▶ _Material provided_:
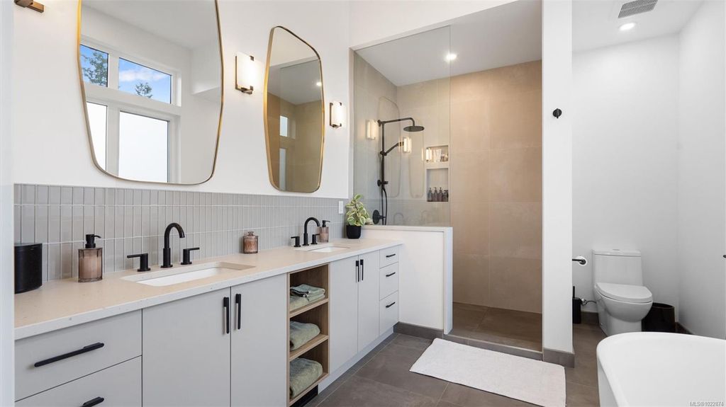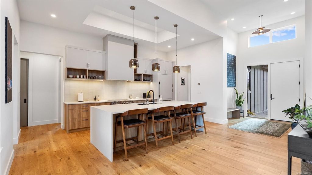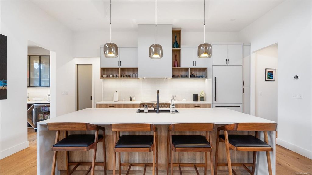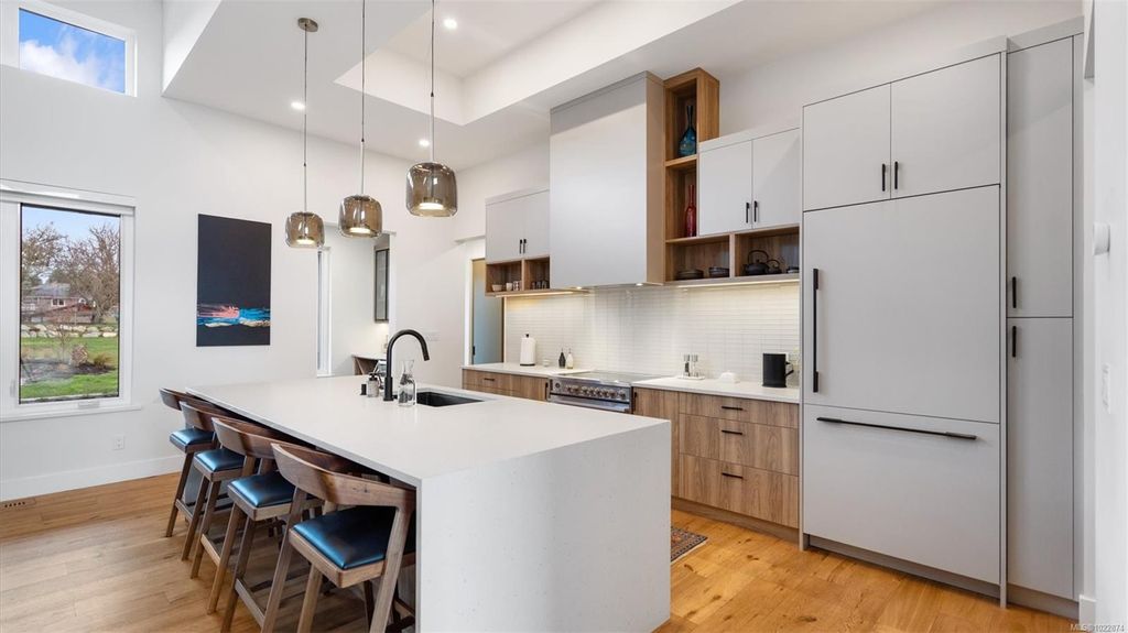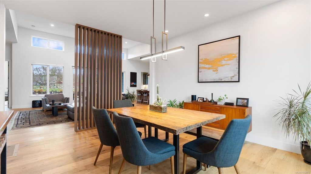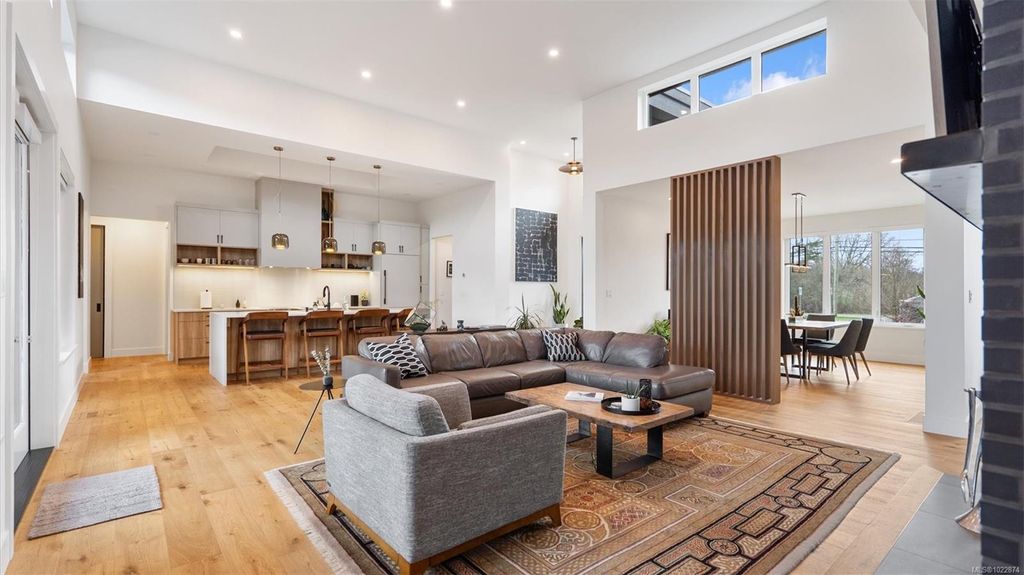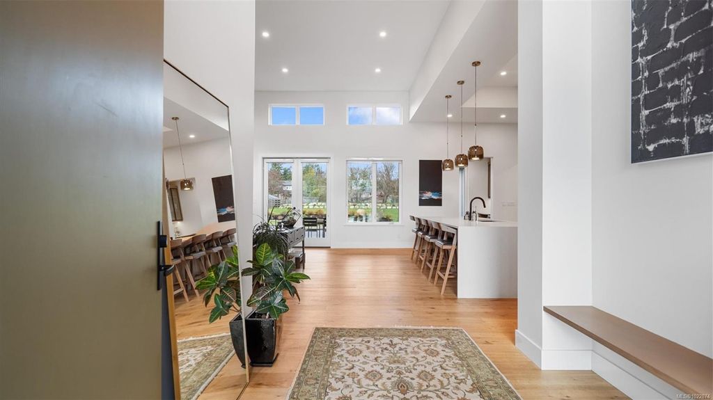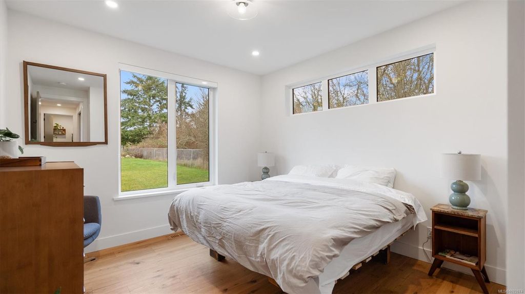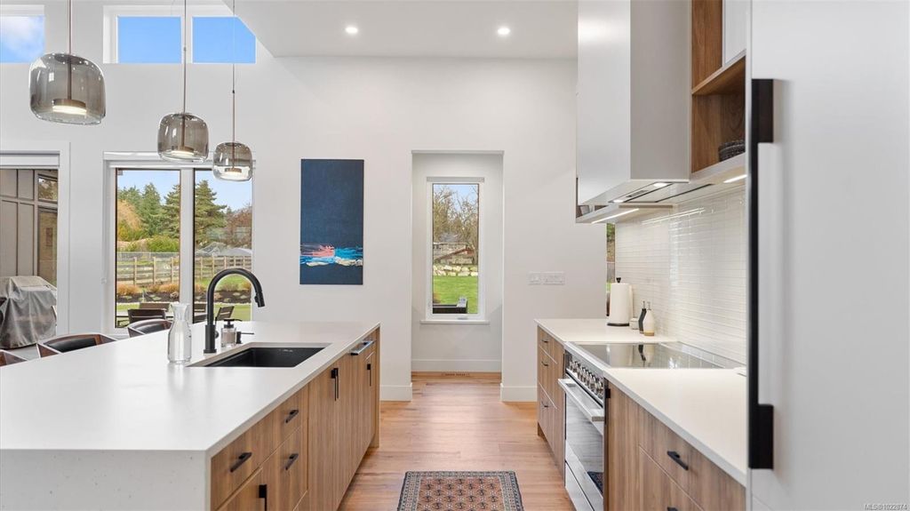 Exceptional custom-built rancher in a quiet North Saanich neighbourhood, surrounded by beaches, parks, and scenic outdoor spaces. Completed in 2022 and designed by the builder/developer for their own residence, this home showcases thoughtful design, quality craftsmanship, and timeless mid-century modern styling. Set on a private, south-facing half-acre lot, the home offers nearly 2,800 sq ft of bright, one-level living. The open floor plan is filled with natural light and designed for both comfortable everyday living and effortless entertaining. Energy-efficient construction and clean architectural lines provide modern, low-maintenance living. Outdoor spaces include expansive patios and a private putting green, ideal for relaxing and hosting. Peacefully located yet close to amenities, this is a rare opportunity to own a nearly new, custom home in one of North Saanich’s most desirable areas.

* * *

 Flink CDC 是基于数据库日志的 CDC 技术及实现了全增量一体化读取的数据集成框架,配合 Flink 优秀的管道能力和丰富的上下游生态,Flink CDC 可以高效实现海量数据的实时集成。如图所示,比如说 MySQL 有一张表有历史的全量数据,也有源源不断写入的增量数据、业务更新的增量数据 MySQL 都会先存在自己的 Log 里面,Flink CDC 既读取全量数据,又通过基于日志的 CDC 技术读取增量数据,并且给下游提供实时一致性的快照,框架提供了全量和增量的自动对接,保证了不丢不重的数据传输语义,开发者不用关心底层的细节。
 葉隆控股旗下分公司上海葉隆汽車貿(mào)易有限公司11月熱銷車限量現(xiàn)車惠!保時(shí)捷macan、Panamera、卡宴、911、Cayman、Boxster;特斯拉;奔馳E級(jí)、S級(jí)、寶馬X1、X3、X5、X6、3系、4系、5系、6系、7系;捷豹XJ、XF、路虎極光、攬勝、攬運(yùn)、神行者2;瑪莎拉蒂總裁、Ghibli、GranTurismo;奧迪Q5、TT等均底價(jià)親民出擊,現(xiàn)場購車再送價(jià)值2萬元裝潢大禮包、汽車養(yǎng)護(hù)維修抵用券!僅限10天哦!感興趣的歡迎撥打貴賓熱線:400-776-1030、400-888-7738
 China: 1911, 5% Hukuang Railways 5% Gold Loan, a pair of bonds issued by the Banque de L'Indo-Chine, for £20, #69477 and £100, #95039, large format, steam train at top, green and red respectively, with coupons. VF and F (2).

▶ _Your goal_: Copy out the lines above exactly, beginning at the one that contains "Flink CDC 是基于数据库日志的" and ending at the one that contains "葉隆控股旗下分公司上海葉隆汽".

▶ _Written response_:
 Flink CDC 是基于数据库日志的 CDC 技术及实现了全增量一体化读取的数据集成框架,配合 Flink 优秀的管道能力和丰富的上下游生态,Flink CDC 可以高效实现海量数据的实时集成。如图所示,比如说 MySQL 有一张表有历史的全量数据,也有源源不断写入的增量数据、业务更新的增量数据 MySQL 都会先存在自己的 Log 里面,Flink CDC 既读取全量数据,又通过基于日志的 CDC 技术读取增量数据,并且给下游提供实时一致性的快照,框架提供了全量和增量的自动对接,保证了不丢不重的数据传输语义,开发者不用关心底层的细节。
 葉隆控股旗下分公司上海葉隆汽車貿(mào)易有限公司11月熱銷車限量現(xiàn)車惠!保時(shí)捷macan、Panamera、卡宴、911、Cayman、Boxster;特斯拉;奔馳E級(jí)、S級(jí)、寶馬X1、X3、X5、X6、3系、4系、5系、6系、7系;捷豹XJ、XF、路虎極光、攬勝、攬運(yùn)、神行者2;瑪莎拉蒂總裁、Ghibli、GranTurismo;奧迪Q5、TT等均底價(jià)親民出擊,現(xiàn)場購車再送價(jià)值2萬元裝潢大禮包、汽車養(yǎng)護(hù)維修抵用券!僅限10天哦!感興趣的歡迎撥打貴賓熱線:400-776-1030、400-888-7738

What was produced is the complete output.